Looking to AI for guidance and validation on the role
With an awareness that this is only one point of view, perhaps HR professionals can look to artificial intelligence (AI) for further support in helping their organizations achieve cultural transformation through leadership. In that vein, leveraging ChatGPT, the question was posed as “What is the role of a leadership catalyst?” It provided the following response:
“The role of a leadership catalyst is to inspire, enable, and facilitate positive change and growth within individuals and organizations, fostering effective and impactful leadership. Leadership catalysts act as catalysts, initiating and accelerating transformational processes by leveraging their expertise, experience, and interpersonal skills.”
It went on to share, “…some key aspects of the role of a leadership catalyst are:
- Inspiring Vision: Leadership catalysts help leaders and teams identify and clarify their vision and goals. They encourage a compelling and motivating vision that aligns with the organization's mission and values.
- Identifying Potential: They identify and nurture leadership potential within individuals. This involves recognizing strengths and areas for improvement and helping individuals develop the skills and qualities necessary for effective leadership.
- Coaching and Mentoring: Leadership catalysts often act as coaches and mentors, providing guidance and support to leaders in their personal and professional development. They offer valuable insights, feedback, and encouragement.
- Creating Learning Opportunities: They create and facilitate learning opportunities, workshops, and programs that focus on leadership development. These initiatives may include seminars, team-building exercises, and skill-building workshops.
- Empowering Others: Leadership catalysts empower individuals to take ownership of their roles and responsibilities. They promote a culture of trust, collaboration, and innovation.
- Fostering Inclusivity: They promote diversity and inclusion, encouraging leaders to embrace different perspectives and leverage the strengths of a diverse workforce.
- Driving Change and Adaptation: Leadership catalysts help leaders navigate through change and uncertainty. They assist in developing strategies to adapt to evolving market conditions and organizational challenges.

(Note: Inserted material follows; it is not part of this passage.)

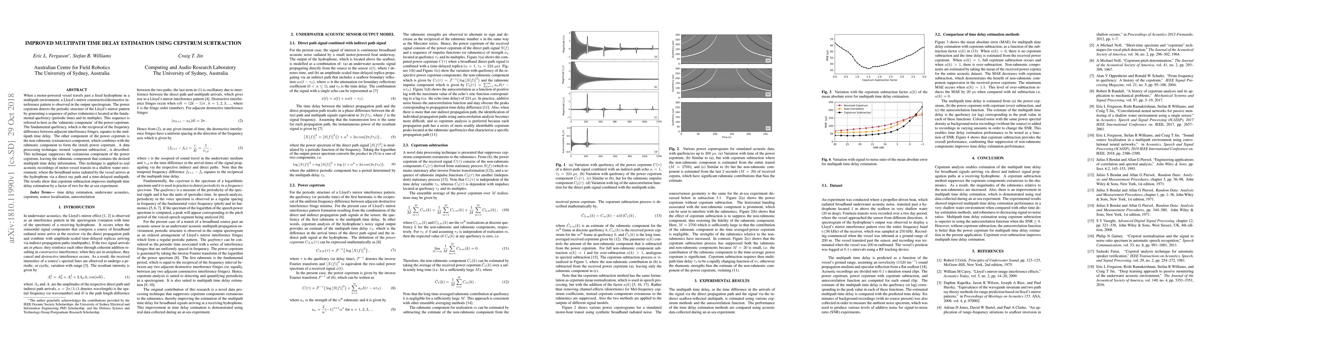 When a motor-powered vessel travels past a fixed hydrophone in a multipath environment, a Lloyd's mirror constructive/destructive interference pattern is observed in the output spectrogram. The power cepstrum detects the periodic structure of the Lloyd's mirror pattern by generating a sequence of pulses (rahmonics) located at the fundamental quefrency (periodic time) and its multiples. This sequence is referred to here as the `rahmonic component' of the power cepstrum. The fundamental quefrency, which is the reciprocal of the frequency difference between adjacent interference fringes, equates to the multipath time delay. The other component of the power cepstrum is the non-rahmonic (extraneous) component, which combines with the rahmonic component to form the (total) power cepstrum. A data processing technique, termed `cepstrum subtraction', is described. This technique suppresses the extraneous component of the power cepstrum, leaving the rahmonic component that contains the desired multipath time delay information. This technique is applied to real acoustic recordings of motor-vessel transits in a shallow water environment, where the broadband noise radiated by the vessel arrives at the hydrophone via a direct ray path and a time-delayed multipath. The results show that cepstrum subtraction improves multipath time delay estimation by a factor of two for the at-sea experiment. keywords - time delay estimation, underwater acoustics, cepstrum, source localization, autocorrelation

- Building High-Performing Teams: They facilitate the formation of cohesive and high-performing teams. This involves promoting effective communication, resolving conflicts, and encouraging a shared sense of purpose.
- Measuring Progress and Results: Leadership catalysts evaluate and measure leadership development initiatives' effectiveness. They use data and feedback to continually improve their programs and interventions.

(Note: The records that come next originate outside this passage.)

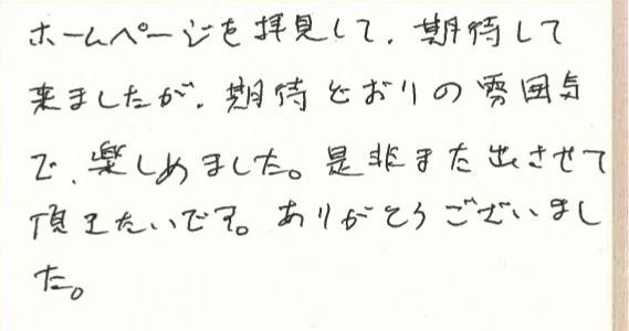 期待通りの雰囲気で楽しめたとのことで、大変うれしいです!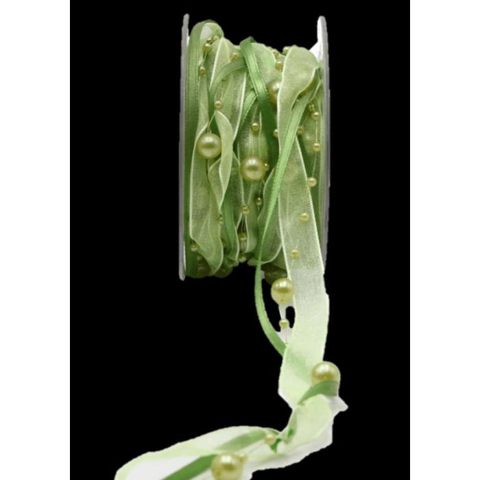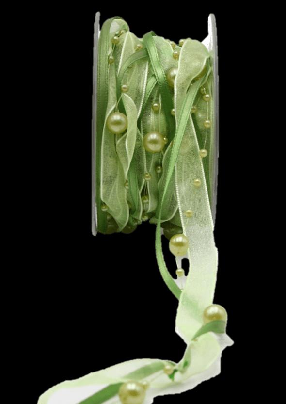 Dekoband Perlenschnur CARESA aus Chiffon und Satin, grün, 5m, 20mm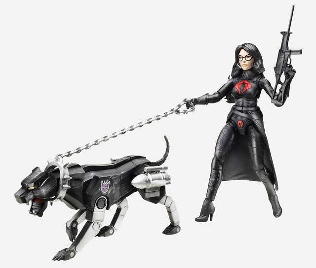 面對正派的超豪華正容(看了都感動的流淚),反派陣營則是派出了:“男爵夫人”(Baroness)牽著超帥的狂派機械狗“Ravage” 以及變形金剛超具有特色、被票選為變形金剛史上最邪惡反派第三名、與日本古代武士鎧甲融合的“雷震”(Decepticon Bludgeon)

- Leading by Example: As catalysts for leadership, they lead by example, demonstrating the qualities and behaviors they seek to develop in others. Their own leadership style serves as a model for aspiring leaders.”

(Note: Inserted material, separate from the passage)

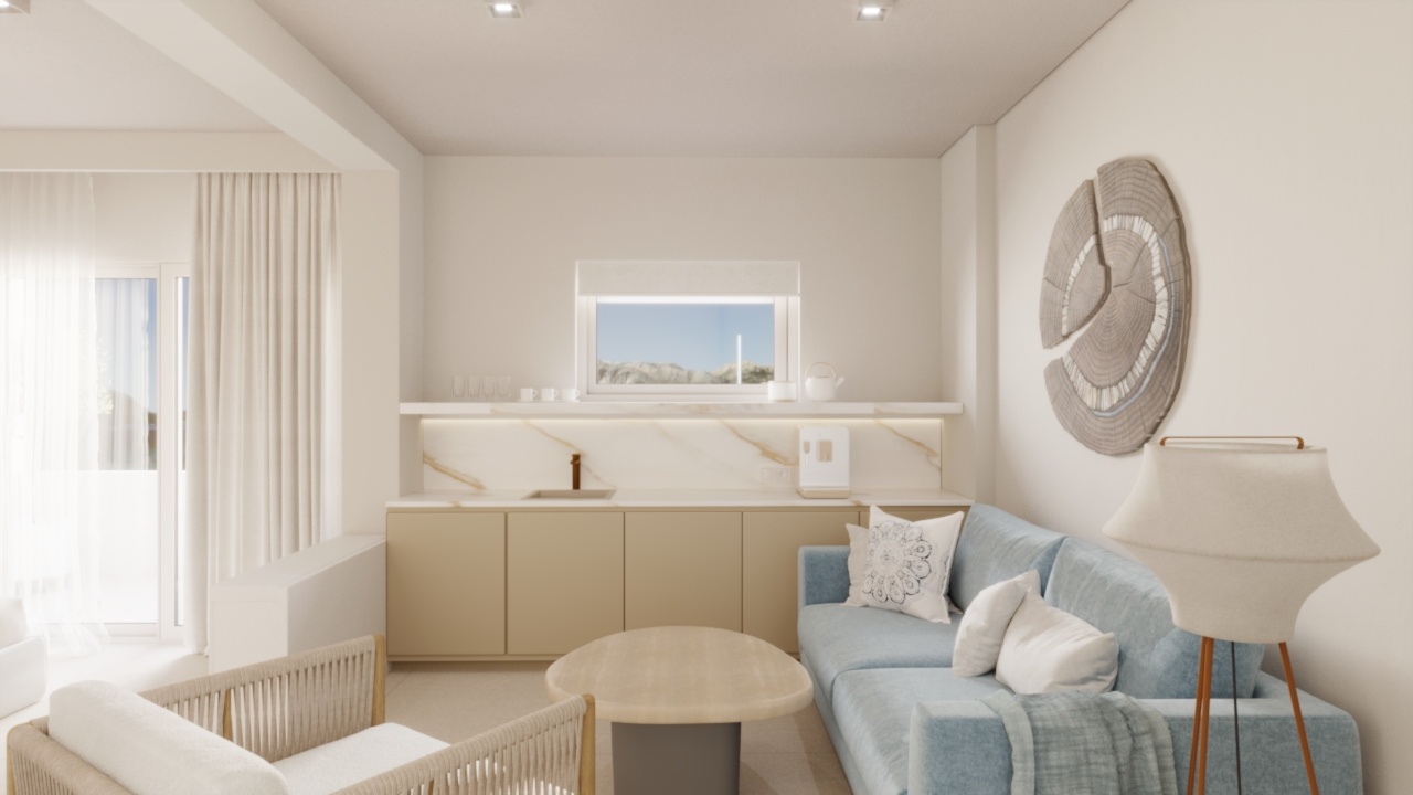 These luxury holiday apartments finished to an exceptional standard, featuring elegant communal areas with ambient lighting, high-tech hydraulic lift and excellent security including video entry, CCTV and alarm pre-installation. Interiors feature polished plaster walls, eco-friendly finishes, large format tiling and energy efficient double-glazed aluminium windows with a bioclimatic façade.

“A leadership catalyst serves as a change agent and enabler, supporting the growth of effective leadership within individuals and organizations. They are crucial in building a strong leadership pipeline and fostering a culture of continuous learning and improvement.”
Whether or not an organization uses external professional services to evolve its leadership and culture, one thing is sure: Leadership matters, just as culture does. Whether “building” these skills internally or “buying” them externally, relying on a single technique or method for developing leaders and leadership teams is often misplaced and a formula for under-optimized results. The ultimate goal is for the organization to look holistically at its leadership system and understand the profound effect it can have on organizational culture. A healthy culture and leadership system pay enormous dividends internally and externally. And its effects will ripple outside the organization.